Substitution Reactions of Benzene and Other Aromatic Compounds
| Reaction Type | Typical Equation | |
|---|---|---|
| Halogenation: | C6H6 | + Cl2 & heat FeCl3 catalyst |
| Nitration: | C6H6 | + HNO3 & heat H2SO4 catalyst |
| Sulfonation: | C6H6 | + H2SO4 + SO3 & heat |
| Alkylation: Friedel-Crafts | C6H6 | + R-Cl & heat AlCl3 catalyst |
Which electrophile is formed during nitration of benzene?
nitronium ion
The formation of the electrophile The electrophile is the “nitronium ion” or the “nitryl cation”, NO+2. This is formed by reaction between the nitric acid and the sulphuric acid.
What characteristic reactions of benzene occur when a nitro (- NO2 group replaces one of the hydrogens atoms bonded to the ring?
The nitration of benzene Nitration happens when one (or more) of the hydrogen atoms on the benzene ring is replaced by a nitro group, NO2. Benzene is treated with a mixture of concentrated nitric acid and concentrated sulfuric acid at a temperature not exceeding 50°C.
What are nitro Arenes?
The nitroarenes are a large class of structurally related chemicals nor- mally found in particulate emissions from many combustion sources, most notably, diesel exhausts. These molecules are nitro-substituted. derivatives of polycyclic aromatic hydrocarbons (arenes) with at least.
Which Electrophile is formed during nitration of benzene?
What happens when benzene is treated with conc h2so4and conc hno3 at 330 K?
Explanation: Benzene when treated with concentrated nitric acid and sulfuric acid at 330K temperature it forms nitrobenzene that is nitration occurs. The reaction is highly explosive and risky as a lot of heat is evolved during the reaction.
What happens when benzene is heated with conc h2so4?

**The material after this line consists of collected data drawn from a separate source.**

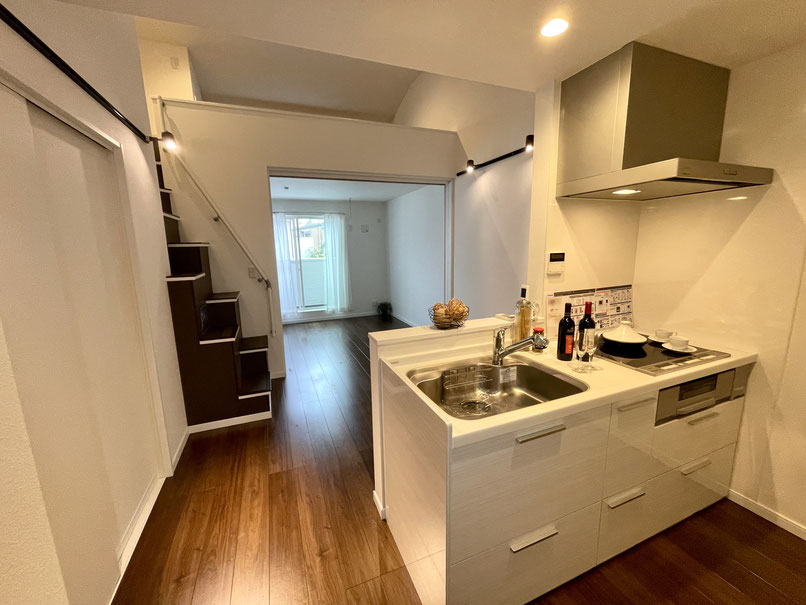 背面には収納棚も設置され、お手入れのしやすいIHコンロと大きなシンクで自炊派の方も大満足の仕様です。
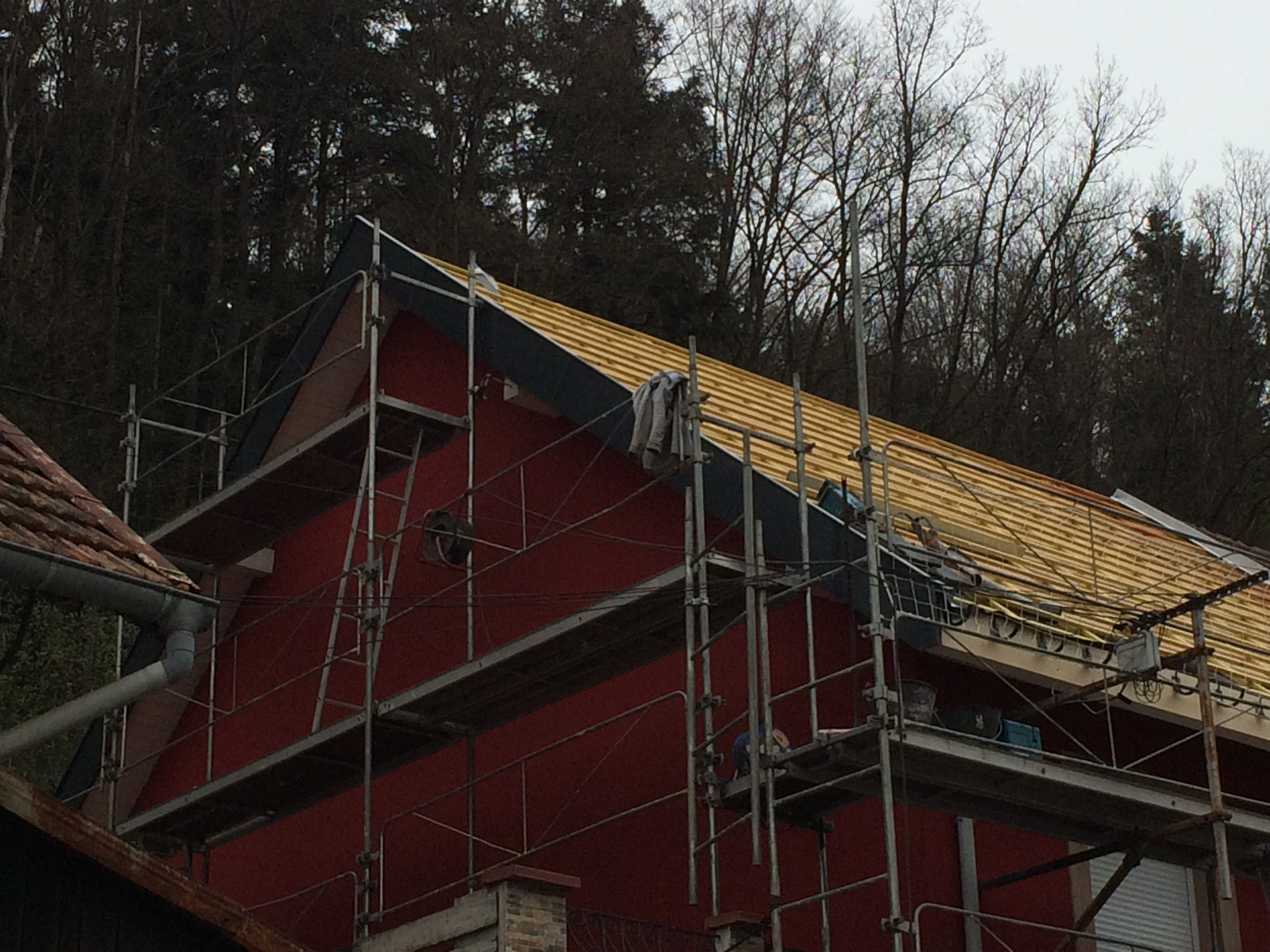 Une isolation ISONAT de 35 mm a été posée puis une tuile de type JURA NOVA ardoisée.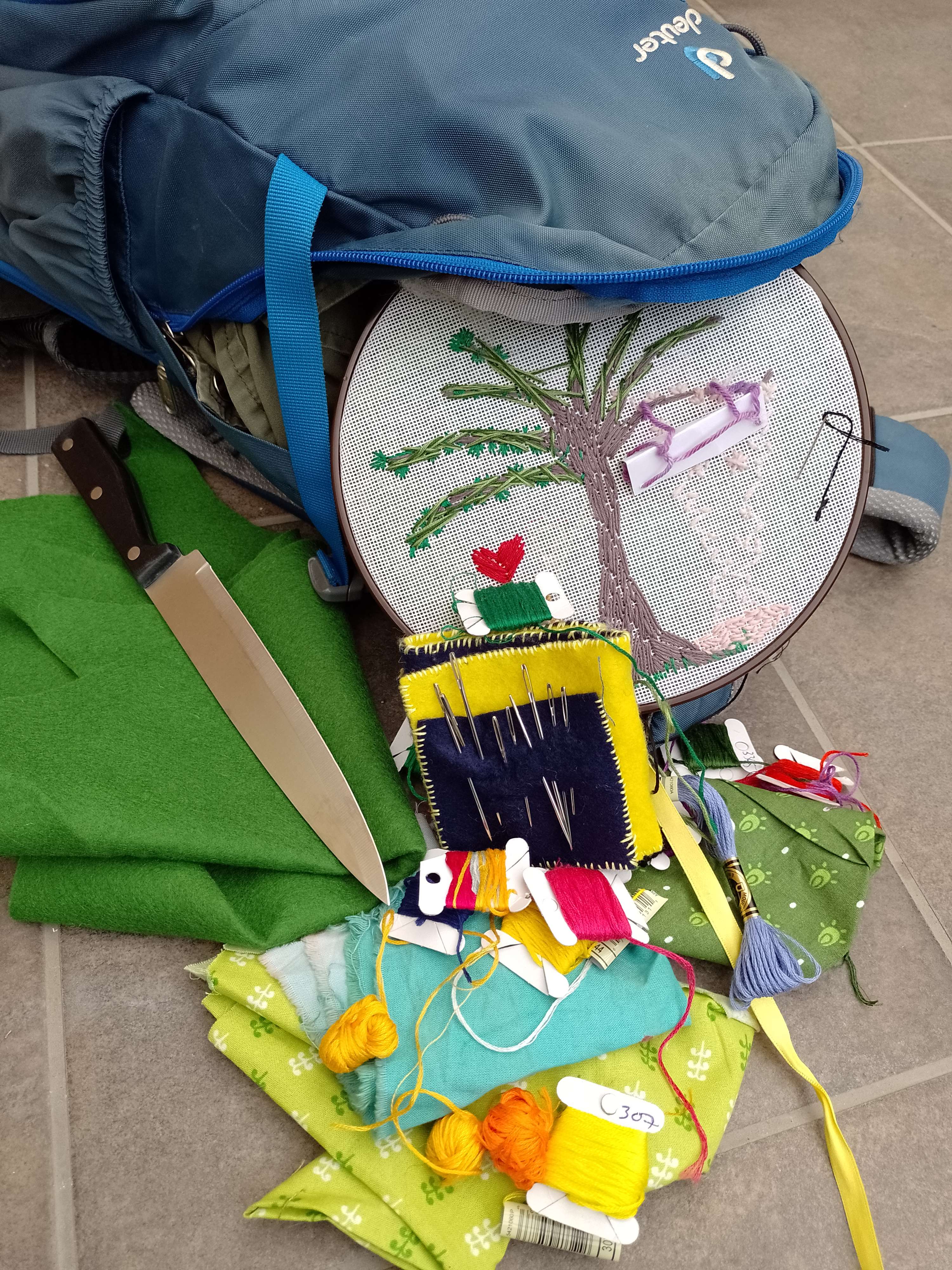 Long lazy straight stitches to provide an impression of the tree shape and leaves: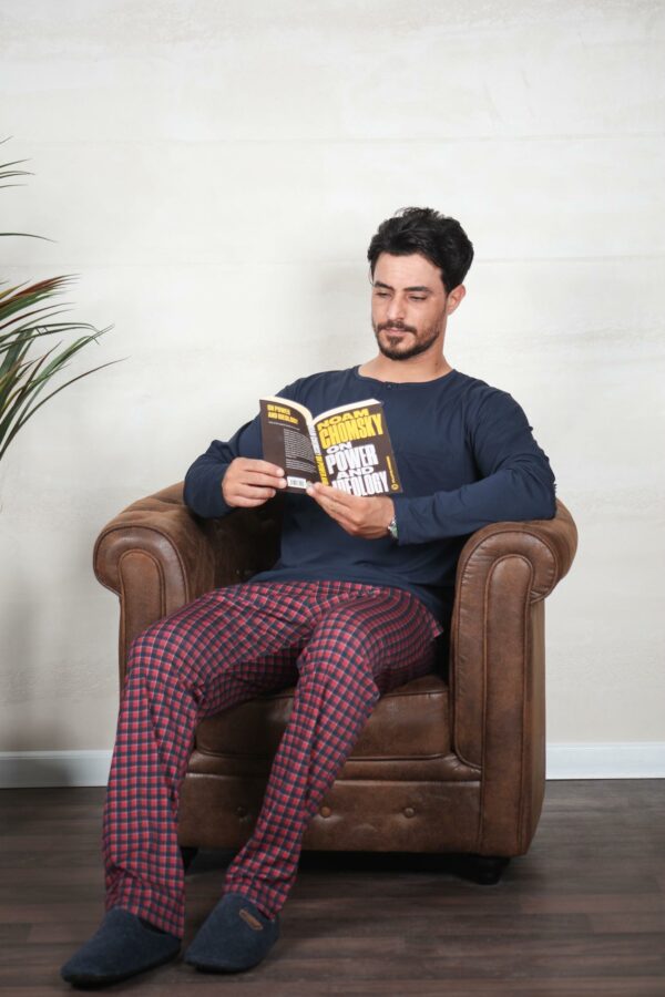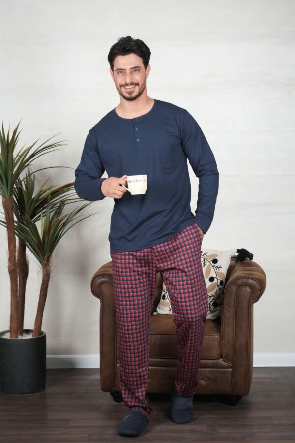 PYJAMA HOMME PULL ML MARINE PANT IMP CARREAUX ROUGE د.ت 60,0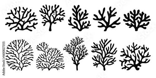 Stylized Black and White Seaweed Silhouette Collection Underwater Plants Marine Flora Diverse Shapes Artistic Representations Nature Inspired Illustrations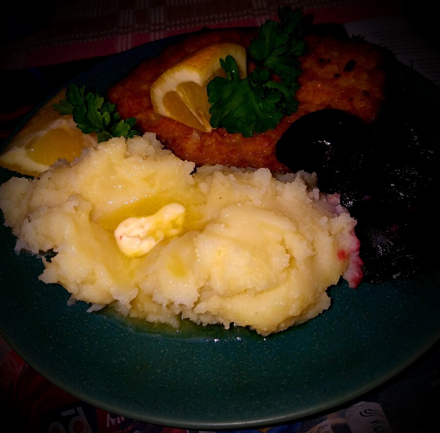 Kuvassa lisäksi rapea kalaleike, sitruuna ja punajuuria 😋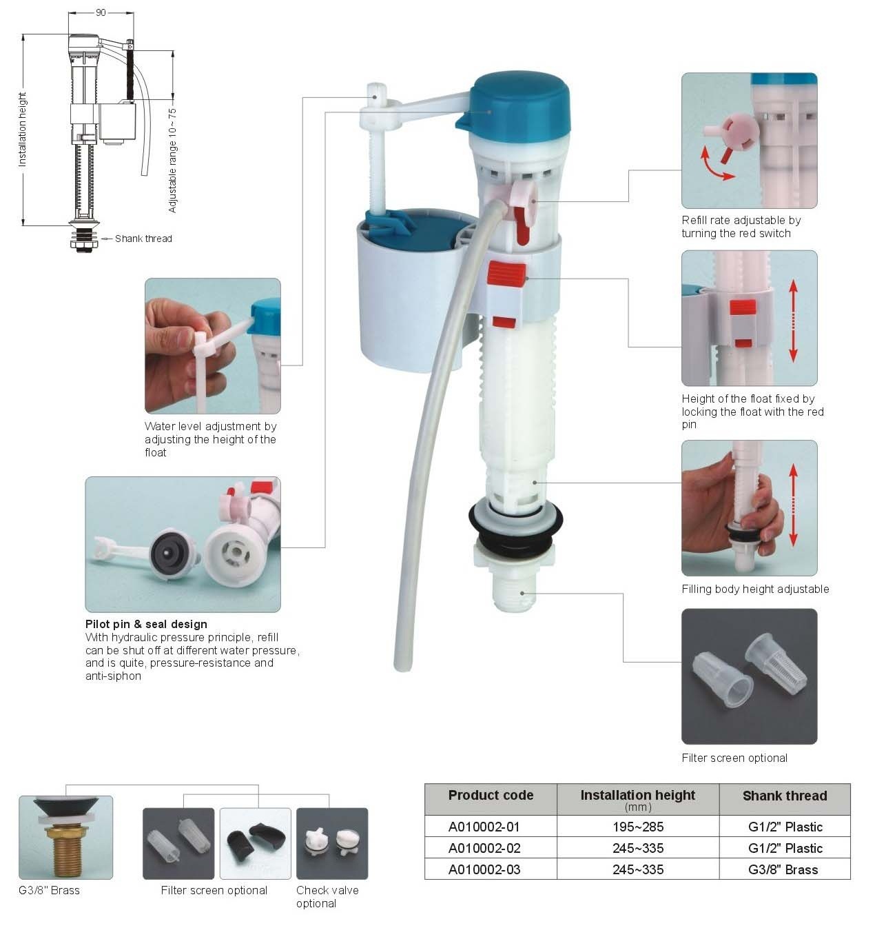 塑料接口 G1/2、铜接口 G3/8 可选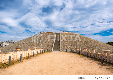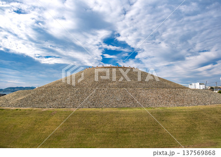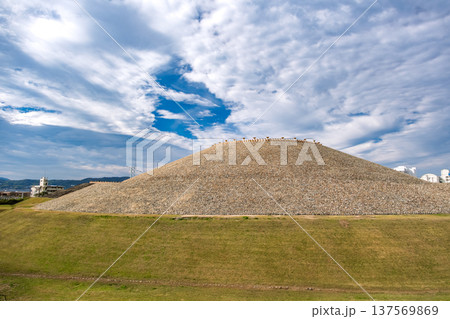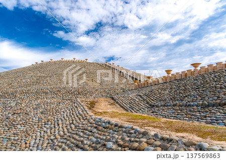 兵庫県神戸市 巨大な前方後円墳「五色塚古墳」と並ぶ埴輪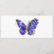 Borboleta de flores cinza, azul, safira, espumante com asa decorada com flores preciosos azuis com folhas de ouro sobre fundo branco.

Heating benzene with conc. sulphuric acid for a few hours results in the formation of benzenesulphonic acid. This reaction is an electrophilic substitution reaction.
Which is the nitro group in the nitration of benzene?
The nitration of benzene is another example of an electrophilic aromatic substitution reaction. In this reaction, a hydrogen atom on the benzene ring is substituted with a nitro group (-NO 2 ).
How does the nitronium ion react with benzene?
This leads to the cleavage of the bond between the nitrogen and the protonated oxygen, with the electrons going onto the oxygen (neutralizing the charge), and releasing water. This forms the electrophilic nitronium ion required for reaction with benzene: With the nitronium ion electrophile formed, it can react with the benzene ring.
Which is a better electrophile nitric acid or benzene?
As with other electrophilic aromatic substitution reactions, the benzene ring acts as a nucleophile. However, nitric acid (HNO 3) is not a very good electrophile (nor is benzene a very good nucleophile). Sulfuric acid (H 2 SO 4) helps overcome this by converting nitric acid into nitronium ions (NO 2+ ), which are much better electrophiles.
How does Nitro break the C-H bond in benzene?
This is accomplished by removing the hydrogen atom on the benzene carbon bonded to the new nitro group. The water molecule released earlier can act as a base, donating a lone pair to this hydrogen, breaking the C-H bond, and re-forming the double bond in the benzene ring (or more accurately, re-establishing the aromaticity of the benzene ring).